Раскаляющим жжением в груди он почуял вот этот привет, и рука его взмыла, поползла, одолела тугую полоску пограничного воздуха для того, чтоб сцепиться с его человечески теплой рукой! Пожимая, смотрел неотрывно в немного прищуренные, с магнетическим блеском глаза, что глядели в него с уважительным ясным вниманием, все уже про Зворыгина зная и видя его не насквозь, а как будто бы в целом, во времени: откуда он, Зворыгин, есть пошел, на чем возрос, кем был воспитан, и как он стал тем, кем является сегодня, и каким станет завтра – еще постальнеет или, наоборот, поржавеет, став негодным для этой и будущей небывалой воздушной войны и строительства СССР.
– Я всегда вам немного завидовал – летчикам. Человек в своей массе – существо земнородное и поэтому неба боится. И немногим дано подниматься в него и не только летать, но и бить в нем фашистов. Садитесь, пожалуйста. Все садитесь, товарищи. Скажите, Григорий Семенович, правду ли говорят, что немецкие асы по рации предупреждают друг друга о вашем появлении в воздухе?
– Товарищ Верховный… – Онеметь ему было нельзя. – На это я могу сказать, что к нашему шестнадцатому гвардейскому полку отношение у немцев в самом деле особое. На Кубани мы стали им очень интересны как личности. Это раньше мы все для них были иваны. Наши «аэрокобры» приметные, киль у нас красный, заводская окраска – олива. Раз-другой с нами встретились и запомнили по номерам, знают: этих, то есть нас, просто так не сожрешь – мы их сами сейчас будем кушать. Но немецкие асы-охотники разные: одни и в самом деле от близкого общения уклоняются, а для других это большое удовольствие – над тобою себя, как от Бога, поставить. Не хотят уступать нам господство, упорные.

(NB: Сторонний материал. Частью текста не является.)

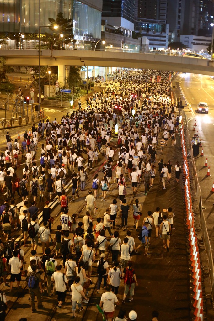By — Ruth Tam Ruth Tam Leave your feedback Share Copy URL https://www.pbs.org/newshour/world/pro-democracy-activists-swarm-hong-kong-anniversary-chinese-takeover Email Facebook Twitter LinkedIn Pinterest Tumblr Share on Facebook Share on Twitter Pro-democracy activists swarm Hong Kong on anniversary of Chinese takeover World Jul 1, 2014 3:37 PM EDT At the peak of a stifling hot Tuesday, a historic number of Hong Kong activists marched more than three miles in support of elections free from Chinese oversight. Protesters gathered at Victoria Park, where annual vigils for the Tiananmen Square victims are held, and walked west to the city’s central financial district. Several of the activists were among the 787,767 participants of an unofficial referendum calling for candidates for Hong Kong’s leader be nominated by the public instead of Chinese officials. Beijing-allied authorities have characterized the referendum as unlawful. In response, the pro-democracy group threatened a sit-in of the city’s financial district if the existing government fails to provide basic voting rights. Under China’s “one country, two systems” rule of law, Hong Kong was grafted into China in 1997, yet allowed autonomy. But a “white paper” from Beijing has recently clarified that this autonomy is not “full” autonomy: Today’s march was peaceful, but frustrations over Hong Kong’s Chief Executive have been simmering for years. In 2012, Beijing-backed Leung Chun-ying won 689 votes from 1,193 society representatives to become Hong Kong’s Chief Executive. These representatives are largely business executives and existing politicians with connections to mainland China. For the tens of thousands of Hong Kong activists, this authorized autonomy falls far short of real democracy. While participants (ranging from 98,000, according to police, and 510,000, according to organizers) hope they will be able to choose their own leadership by the 20th anniversary of China’s takeover in 2017, mainland China representatives assert that only leaders who “love the country and love Hong Kong” should be on the ballot. A free press is a cornerstone of a healthy democracy. Support trusted journalism and civil dialogue. Donate now By — Ruth Tam Ruth Tam Online Editorial Production Assistant at the PBS NewsHour. @ruthetam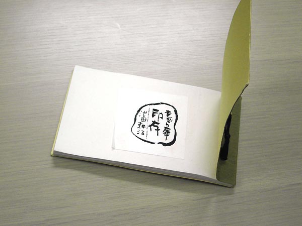 印譜集というのは昔から「和とじ」のイメージがあった。だから印を勉強しながら、本の装丁は決まっていた。さて「和とじ」とはどこに頼めばいいのだろう。今のようにインターネットですぐ調べられるわけでもなく、また「和とじ」のできる人を探すのも大変だった。ようやく見つかってみると、思っていたより近くで普通の民家。気のいいおばあさんが内職で一冊一冊「和とじ」に仕上げていくのだ。だが手作りの為、 仕上げ代が高いので簡単な方法の和とじにした。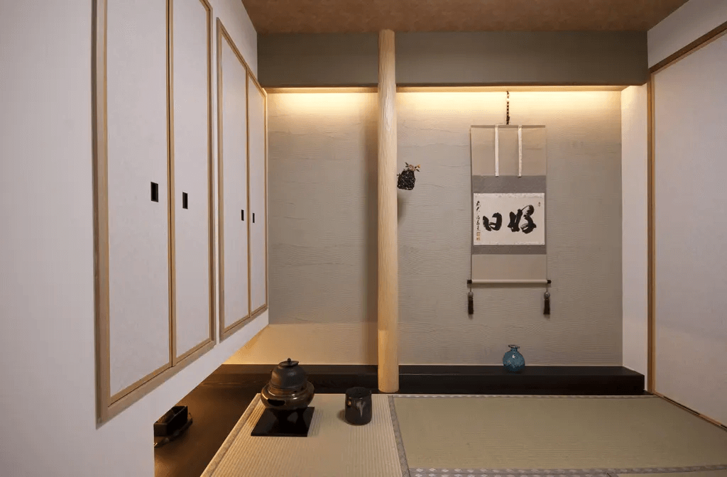 床の間には間接照明を採用し、壁の仕上げには珪藻土を使用しています。くし引き仕上げとすることで枯山水のような壁を表現し、和の空間を上品に演出しました。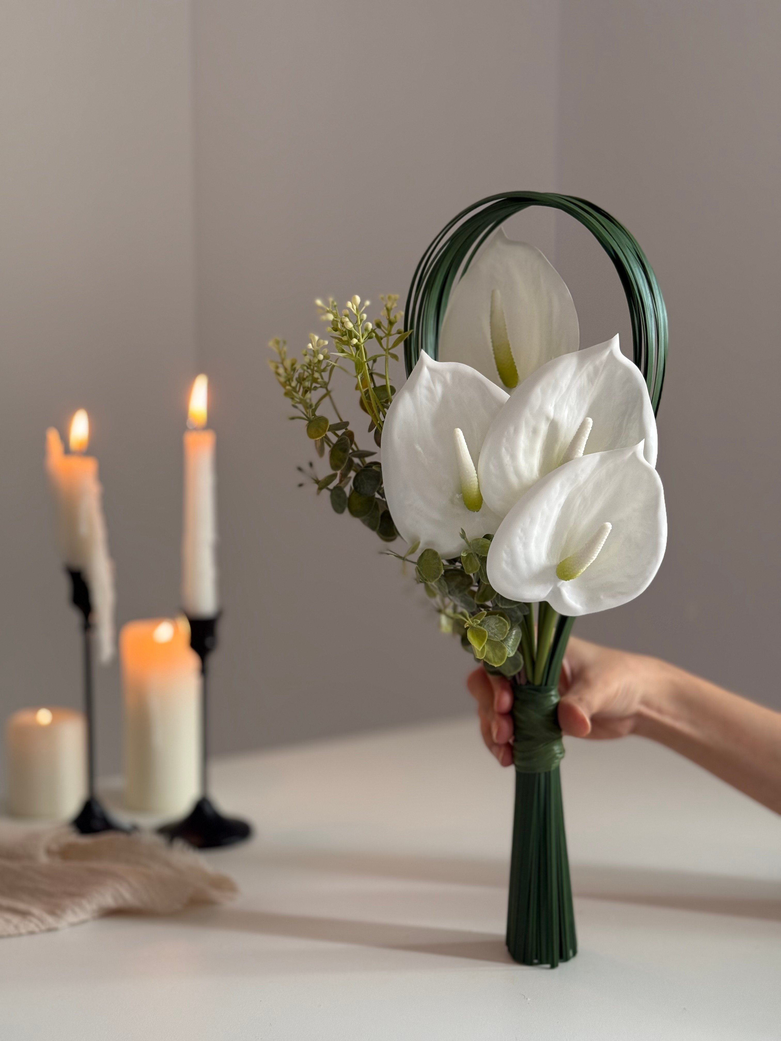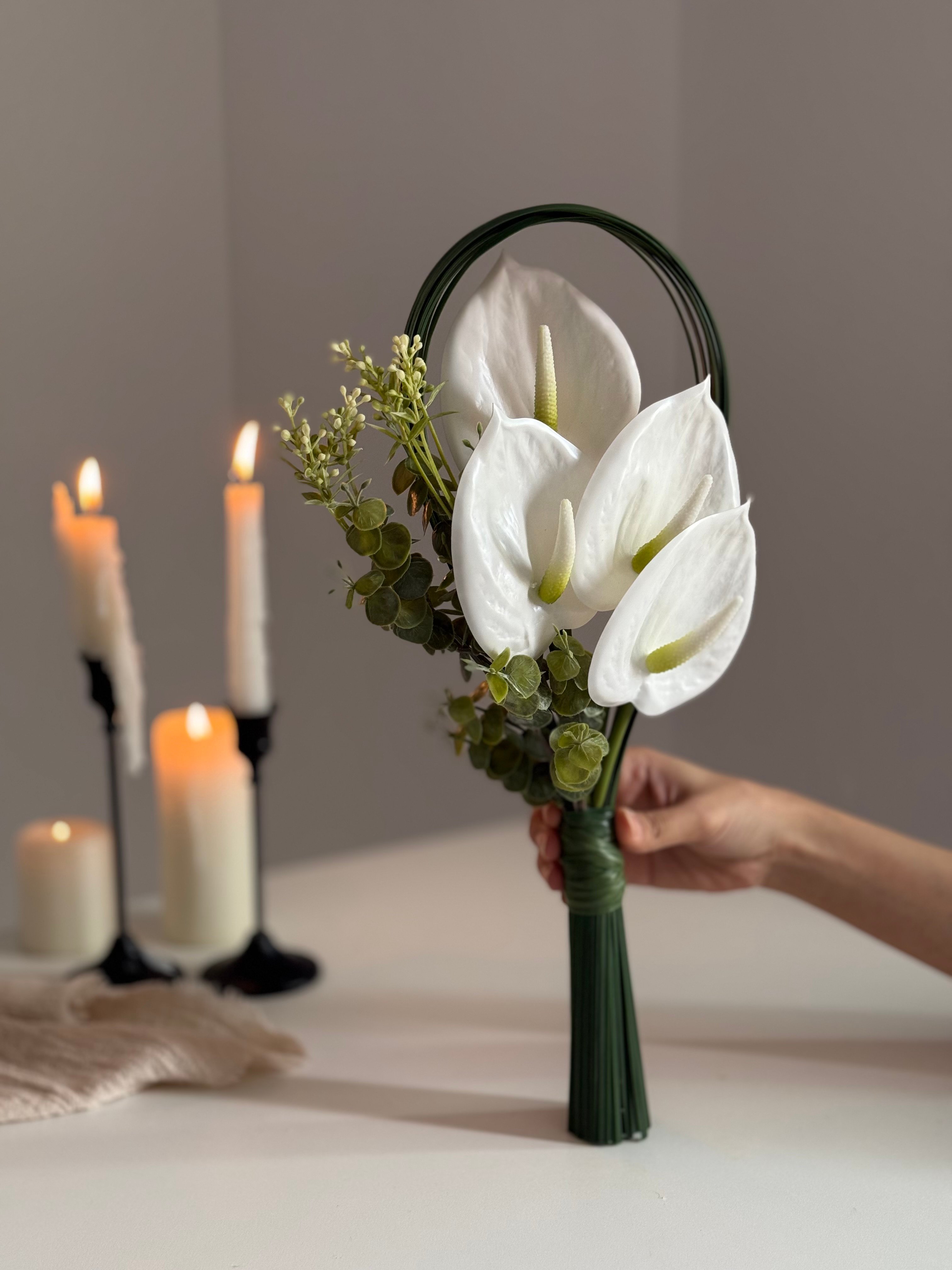 مسكة عروس اساسها ورد الانثوريوم مع توزيعة من الخضاريات و بالتواء ناعم في الاغصان .

– Значит, мы все еще не господствуем в воздухе? – В ровный голос добавилось что-то, от чего всех живущих и дышащих здесь охлестнуло подземной леденистою студью. – В чем тут дело, товарищ Зворыгин? Как вы думаете лично? Может быть, дело в качестве наших машин? Может быть, они сильно, – сделал он ударение на «сильно», – уступают немецким в защищенности, вооружении, скорости? – Каждым словом продавливал перемятых, отжатых людей – точно табак распотрошенной папиросы в чашку своей трубки. И Зворыгин уже догадался, что половина здесь присутствующих лично ответственна за производство новых самолетов, а другая – за незамедлительное выявление виновных в том, что наши машины слабее немецких. – Может, наши конструкторы недорабатывают? Или дело тут не в самолетах, а в летчиках? Может быть, мы Зворыгина перехвалили?
– Летать, товарищ Сталин, – произнес он священное имя, и спазм захлестнул ему горло, – можно даже на бабушкином утюге. Лишь бы руки из нужного места росли.
Что же он, поспешил оправдаться? Виноваты машины – не он? Что его за язык потянуло? Соколиная спесь? Или страх показаться Верховному слабым, негодным? Правда же была в том, что Зворыгин ответил бы точно так же – любому.
– Хорошо ты сказал, – Сталин вздернул чубук. – Вот пришел человек и берется своим мастерством компенсировать прямо в бою все ошибки наших авиаконструкторов.
И совсем непродышно от этих похвальных страшных слов его сделалось в небольшом кабинете, словно тяжкий лепной потолок опустился и сдвинулись стены, и какою-то долей рассудка Зворыгин постиг, что Верховный расчетливо наложил на кого-то из призванных свое давящее недоверие и что сам он, Зворыгин, был призван сюда, вероятней всего, лишь затем, чтобы тотчас послужить подтверждением его недоверия.
– Товарищ Верховный, машины у нас хороши. Недостатки, конечно, имеются и у «Лавочкиных», и у «Яков». Совершенной машины я еще под собой не имел. Та же «аэрокобра», заморский подарок, по скорости зверь, но на малых высотах – утюг утюгом. «Мессершмитт» их проклятый хорош, спору нет: он за газом идет, ровно как призовой жеребец, только тронь – замирает как вкопанный, а наш «Як» в этом смысле ну о-очень тупой: дашь газ – он пока-а-а раскачается, а газ убираешь – он прет все и прет. Но в горизонтальном маневре он «мессер» сожрет. Нет, «мессер», конечно, на редкость вертлявый, но я его на «Яке» только так на виражах перекручу. То есть каждый нормальный летун, кто сектором газа умеет работать рывками. – Едва только он нападал, как собака на след, на свое, становилось ему безразлично, перед кем он стоит.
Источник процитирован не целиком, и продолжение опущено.